[Start of section]

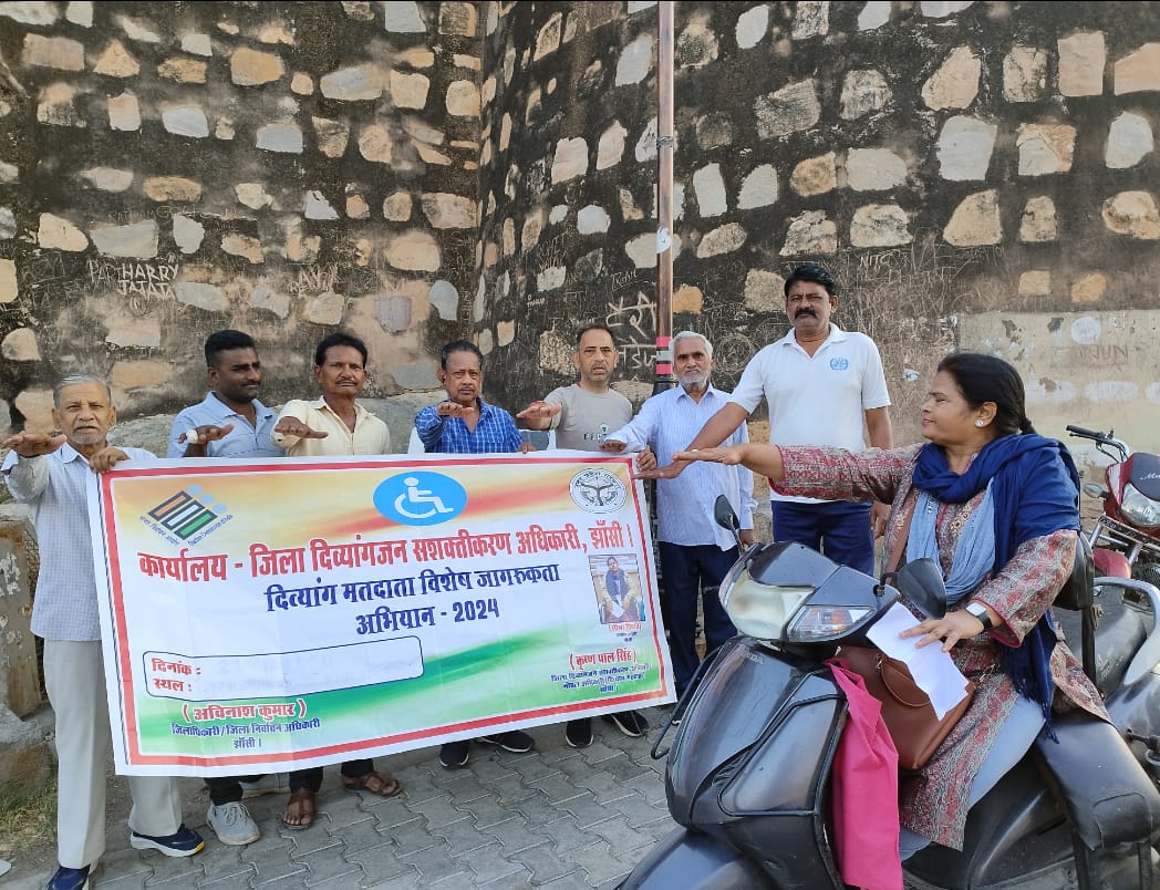 झाॅंसी। जिलाधिकारी/जिला निर्वाचन अधिकारी/एवं दिव्यांगजन सशक्तिकरण अधिकारी/नोडल अधिकारी विभाग के तत्वावधान मे 20 मई जनपत मे होने वाले लोकसभा सामान्य चुनाव शत् प्रतिशत मतदान हेतु मतदाताओं को जागरूक करने के लिए स्वीप आइकॉन- उडान जन कल्याण समिति प्रबंधक- सीमा तिवारी द्वारा लागातार मतदाता जागरूकता अभियान के क्रम मे 16 मई को किले पर ओर निर्मीला स्कूल के निकट मतदाताओं को मतदान करने मे अपनी भागीदारी सुनिश्चित करने हेतु स्लोगन वोट जैसा कुछ नहीं,वोट जरूर डालेंगे हम के साथ मतदाताओं को शपथ ग्रहण कराई गई ! इस अवसर पर मीरा तिवारी, रेखा चोबै,गीता शर्मा,हर्षिता वर्मा,शारदा सिंह,सुनीता चौहान,नारायणी शर्मा,नीता गुप्ता,संजय साहू शरीफ खान, रमेश चन्द्र प्रेम यादव,आविद आदि उपस्थित रहे।
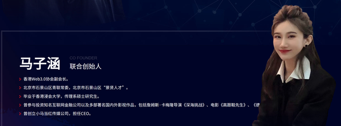 另一位联合创始人,马子涵,于1991年出生于广西壮族自治区柳州市,毕业于香港浸会大学,曾参与投资多部著名国内外影视作品,包括卡梅隆的《深海挑战》。现任当红齐天集团联合创始人、香港Web3.0协会副会长。
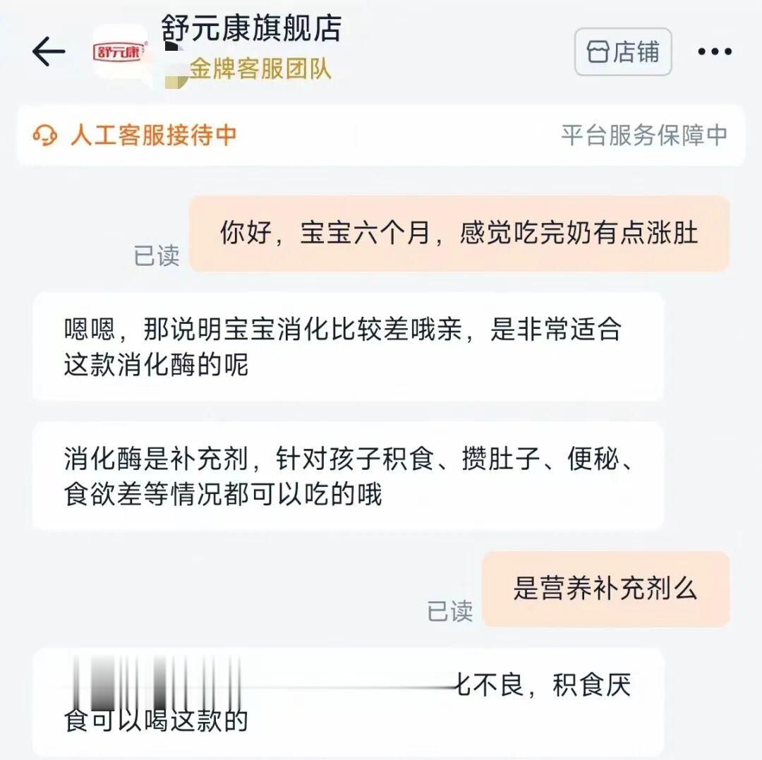 舒元康旗舰店销售的一款“舒元康消化酶滴剂”,同样在商品页面打出“宝宝专用消化酶”。针对“宝宝6个月,吃完奶肚胀”的描述,该店客服称,“那说明宝宝消化比较差,是非常适合这款消化酶的。消化酶是补充剂,针对孩子积食、攒肚子、便秘、食欲差等情况都可以吃”。
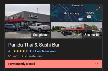 Panida Thai & Sushi Bar at 15106 Frederick Rd Ste C in the College Plaza shopping center in Rockville has closed after an approximate 10.5 year run. The restaurant took over the space that was previously home to Sushi EN in 2015
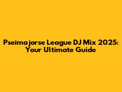 Pseimajorse League DJ Mix 2025: Your Ultimate Guide
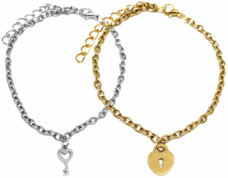 Szív Kulcs és Lakat Szív charmos páros karkötő, ezüst és arany színű. Paraméterek: Charmok mérete 1,2 cm. Anyaguk nemesacél, karkötők anyaga rozsdamentes acél. Karkötők mérete 17+5 cm. (Ha ettől eltérő méretet szeretnél, rendeléskor a MEGJEGYZÉSBE írd be. )
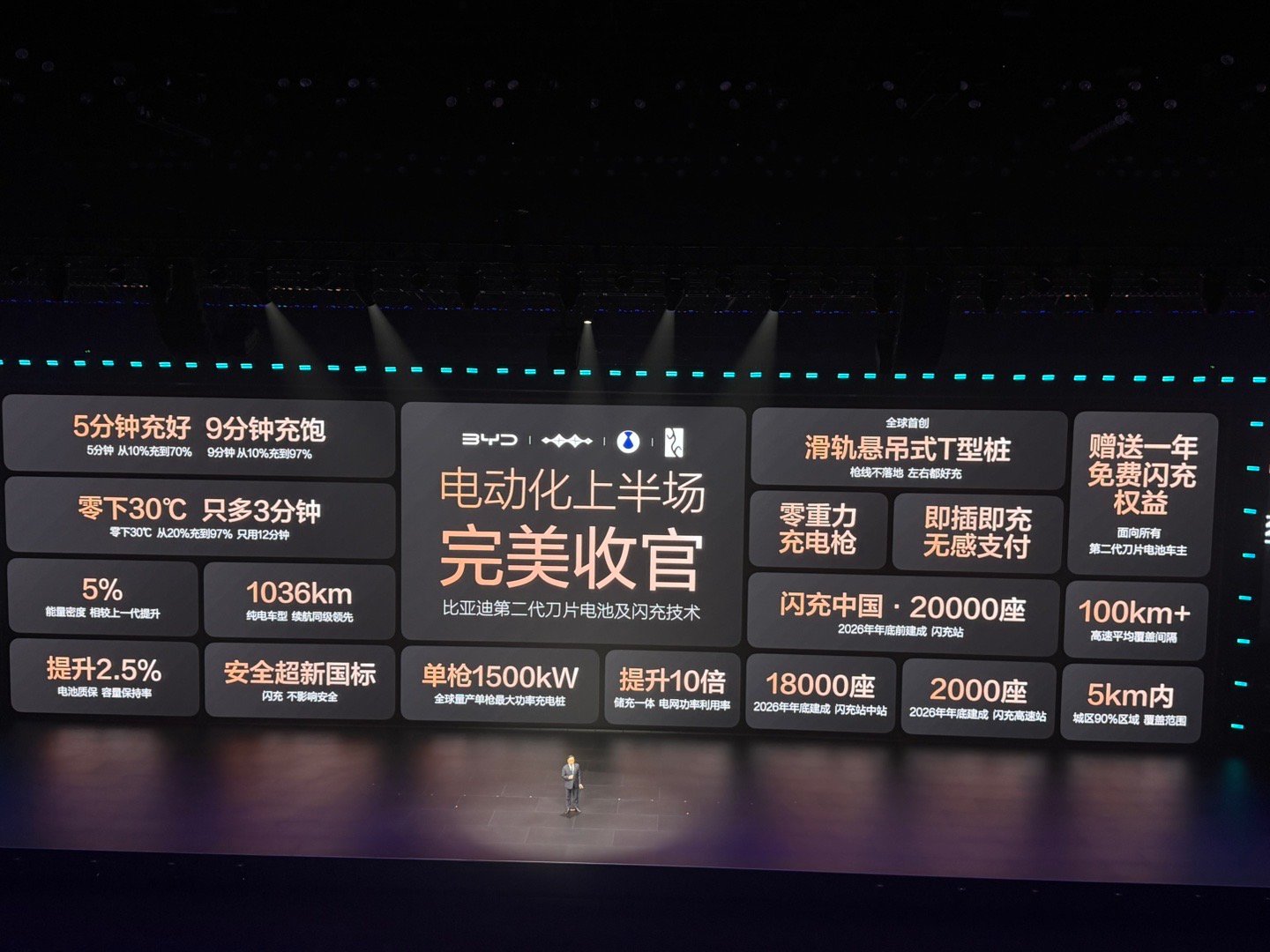 配套的闪充生态同样重磅:单枪1500kW的全球量产最大功率充电桩,充电效率提升10倍,电网功率利用率更高。2026年底前,比亚迪将建成20000座闪充站、18000座闪充中站、2000座闪充高速站,高速平均覆盖间隔100km+,城区5km内覆盖90%区域,补能焦虑彻底消失。
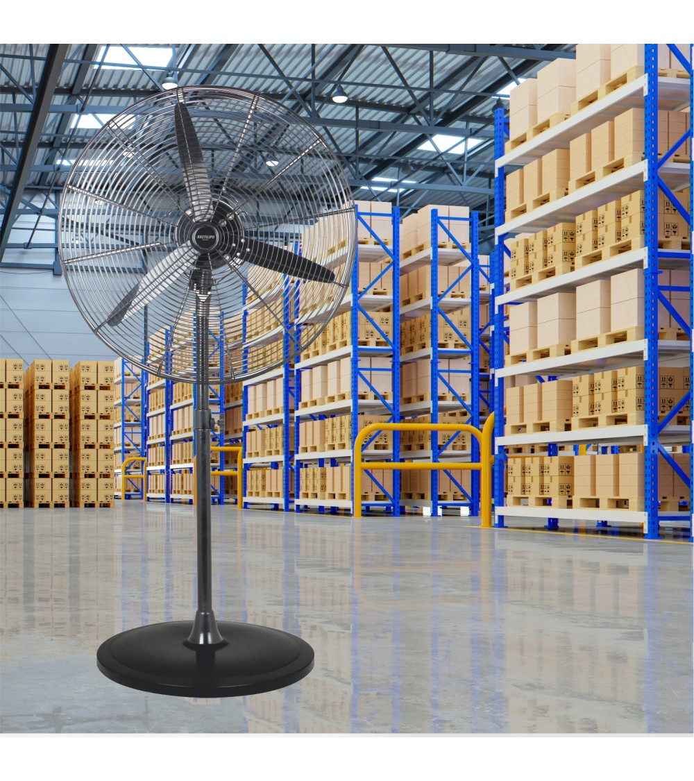 Este ventilador industrial viene equipado con una rejilla de seguridad

[End of section]

How to complete this task: Within the material above, only the stretch from the line holding "Pseimajorse League DJ" through the line holding "Szív Kulcs és" is to be restated exactly. Pictures are dropped.

Written solution:
 Pseimajorse League DJ Mix 2025: Your Ultimate Guide
 Szív Kulcs és Lakat Szív charmos páros karkötő, ezüst és arany színű. Paraméterek: Charmok mérete 1,2 cm. Anyaguk nemesacél, karkötők anyaga rozsdamentes acél. Karkötők mérete 17+5 cm. (Ha ettől eltérő méretet szeretnél, rendeléskor a MEGJEGYZÉSBE írd be. )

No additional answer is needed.